# Heater/A/C Fan Speeds - Only Maximum works



## HuPeRcHiLd (Oct 13, 2007)

Hey guys,

I just got my 90 Maxima yesterday and noticed that the interior heater/a/c fan either is off, or it blows at max - nothing in between. What could be causing this? How do I fix it?

I should note that I have the digital climate control options (if that changes anything).


Thanks


----------



## internetautomart (Mar 8, 2004)

your blower motor resistor is probably bad.
there is a different name nissan uses for it though.
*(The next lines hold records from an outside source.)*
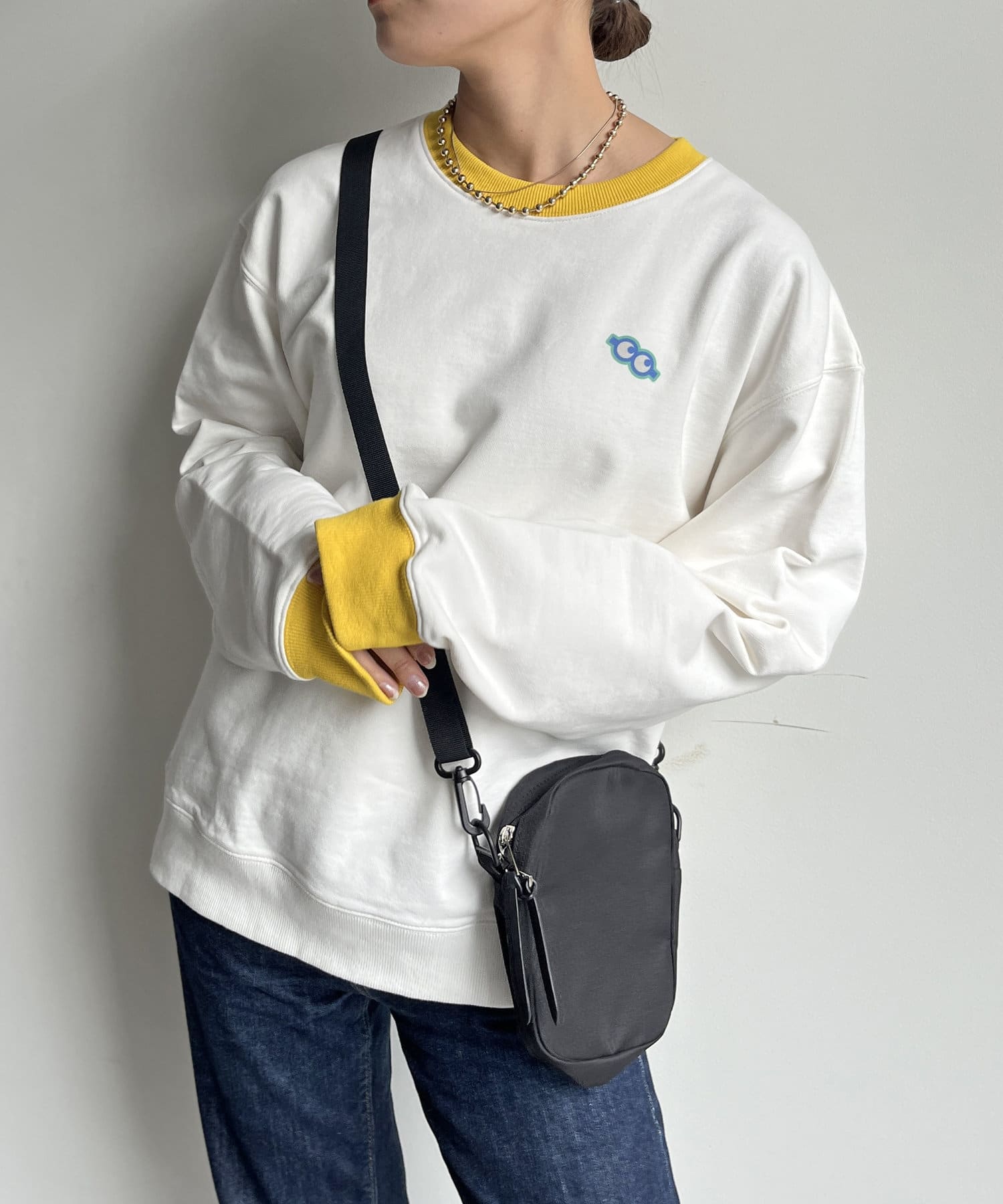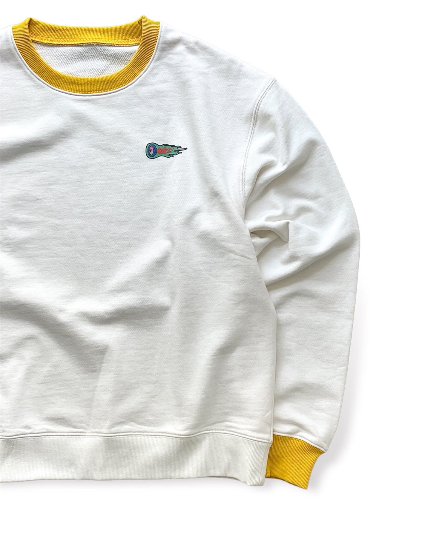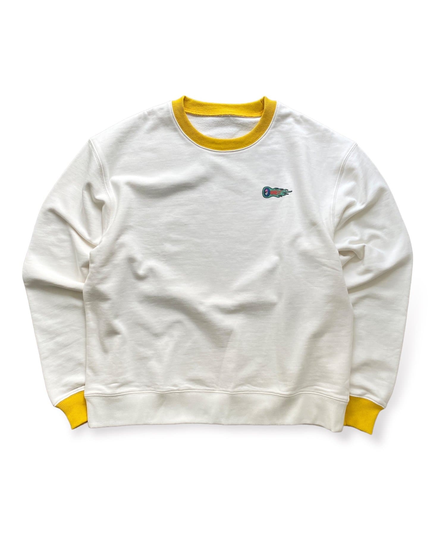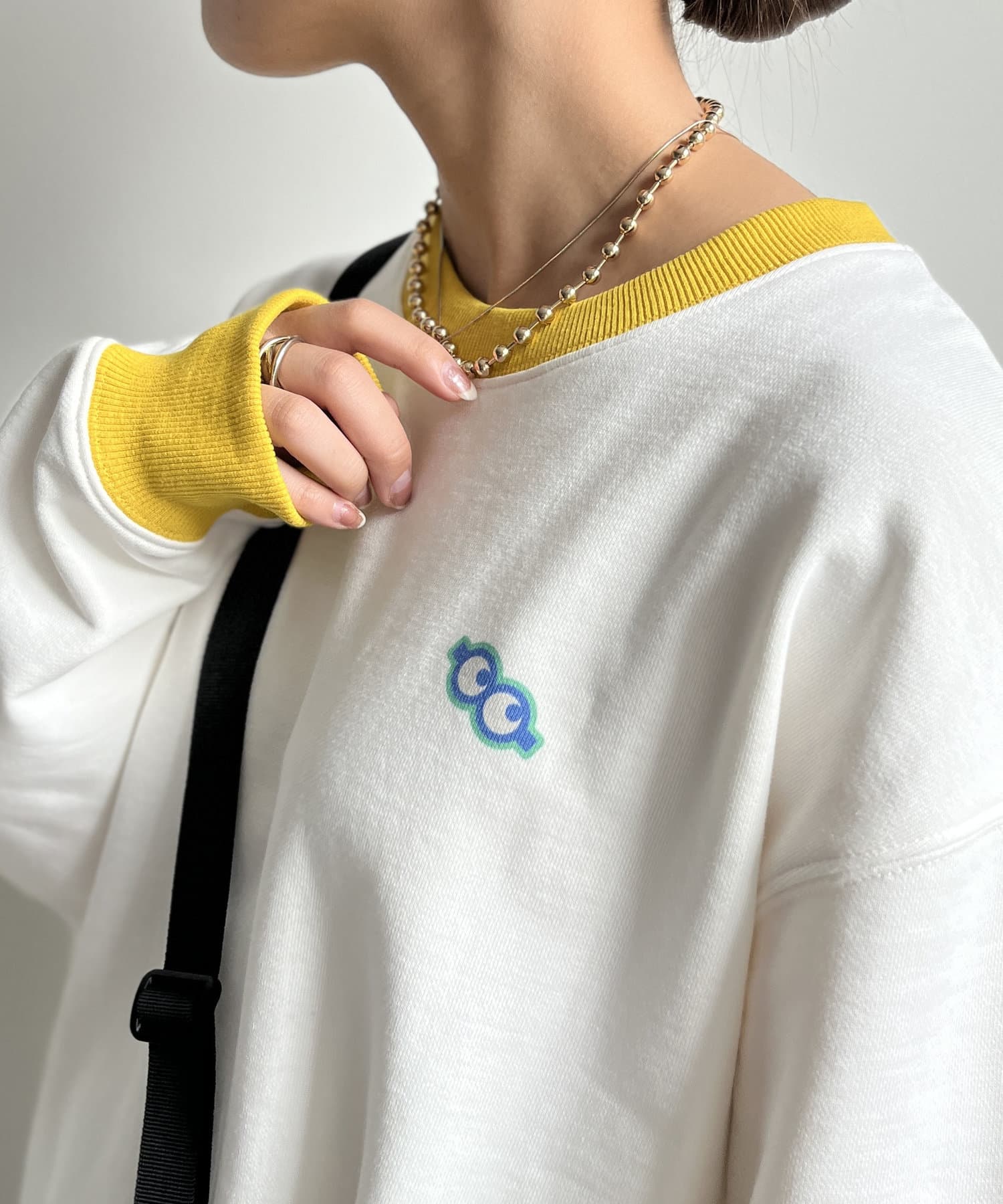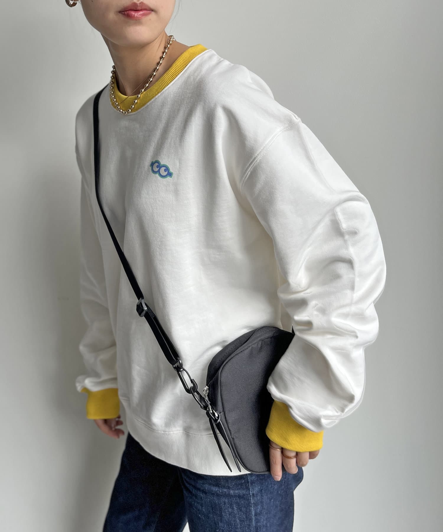 ややゆったりとしたスウェットにイエローの配色がアクセントになるスウェット。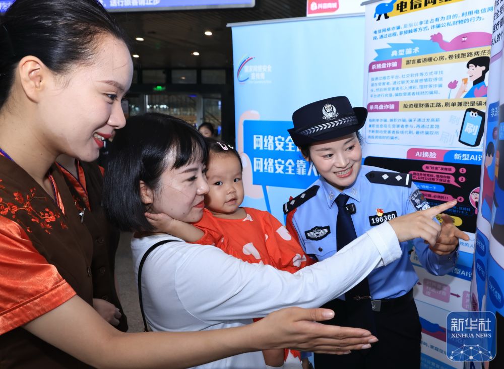 9月15日,湖北武漢鐵路公安處武漢站派出所民警在武漢站為旅客講解網(wǎng)絡安全知識。新華社發(fā)(趙軍攝)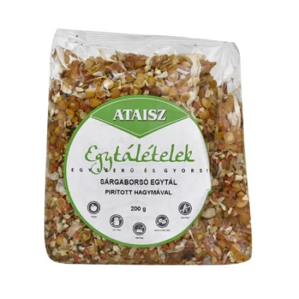 sárgaborsó (Ukrajna), szárított sárgarépa, peszternák (EU), pirított, szárított hagyma (Kína), petrezselyem (EU).

I think they call it an amplifier.


----------



## theconqueror (Mar 30, 2008)

yeah its your resistor. its an easy fix. i don't know where its located in the maxima but in my truck it was in the back passenger corner of the engine bay. very easy to replace. 

don't let it go too long if you can help it, motors don't like to run at full blast all the time. learned that the hard way.


----------



## HuPeRcHiLd (Oct 13, 2007)

Thanks guys,

I removed it (just behind the glove box), cleaned it, it still didn;t work. Looks like I gotta get a new one. I have auto climate controls. Is there a particular blower motor resistor for auto climate? If so, does anyone have a part number?

Thanks


----------



## HuPeRcHiLd (Oct 13, 2007)

Okay, I went to the wreck yard, found one, replaced it, all fan speeds working. AWESOME!! Thanks to those who helped.

Are there other Nissans that share this part? Sometimes it's hard to find a Maxima.


----------